Batch Processing a pile of Word Documents

Welcome Forums General PowerShell Q&A Batch Processing a pile of Word Documents

This topic contains 2 replies, has 3 voices, and was last updated by

Ron
 
Participant
1 year, 8 months ago.

  • Author
    Posts
  • #63466

    Participant
    Points: 0
    Rank: Member

    Hey Folks,

    I've been looking into a problem of a friend of mine. He has a group people filling aut a form (word / doc /docx ) and these are in a folder. So we need to automate the processing hundreds documents and grab specific parameters and write the into a ".csv"-file.

    So, I can read the files and stack them but fishing the specified string, that`s where it starts to get tuff.
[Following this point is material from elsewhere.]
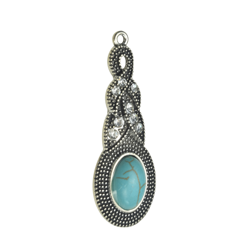 52x20mm Green Howlite Turquoise Lead Free Pewter Tibetan Boho Style Pendant(B80103) quantity

    Can anybody help out here?

    
    $docPath = $args[0]
    Write-Host "Processing Documents from:" $docPath 
    $all_docs = Get-ChildItem $docPath -filter "*.docx"
    
    $word = New-Object -comobject "Word.Application"
    $word.Visible = $False
    
    # Now, open each document and list the "ContentControls"
    $all_items = @()
    foreach ( $doc in $all_docs)
    {
      Write-Host "Processing :" $doc.FullName
      $doc = $word.Documents.Open($doc.FullName);
    	
      $controls = $doc.ContentControls.Count	
      Write-Host "Found : " $controls.Count " Content Controls"
    
      # Now, we create a collection of custom objects which are holding the data
      $item = New-Object System.Object
      foreach ( $control in $doc.ContentControls )
      {
        $item | Add-Member -type NoteProperty -name $control.Title -value $control.Range.Text
      }
      $item
      $all_items += $item
      $doc.Close()
    }
    
    # Last, we save the collection to a CSV file
    $all_items | Export-CSV "exportData_DATE.CSV"
    
    
  • #63501

    Keymaster
    Points: 1,524
    Helping HandTeam Member
    Rank: Community Hero

    Yeah, Word is about the worst-case scenario for this, unfortunately, and you're going to be stuck with a decade-old COM object to work with. And this isn't _really_ PowerShell; it's COM programming against Word. I say this only because, historically, we've have very low turnout on this type of question, and I didn't want you hanging around waiting for an answer that might not be forthcoming. Sorry :(.

    But, if you figure it out, maybe you'll consider dropping by now and again to answer these kinds of questions when they come up :).

  • #63507
    Ron

    Participant
    Points: 0
    Rank: Member

    It looks like he may have already figured out the COM part, but doesn't know how to get the data being returned in the format he wants. It might help to fill out a form with test data, show us the output, and then show us what you want it to be. This might actually be more of a Regex question.

The topic ‘Batch Processing a pile of Word Documents’ is closed to new replies.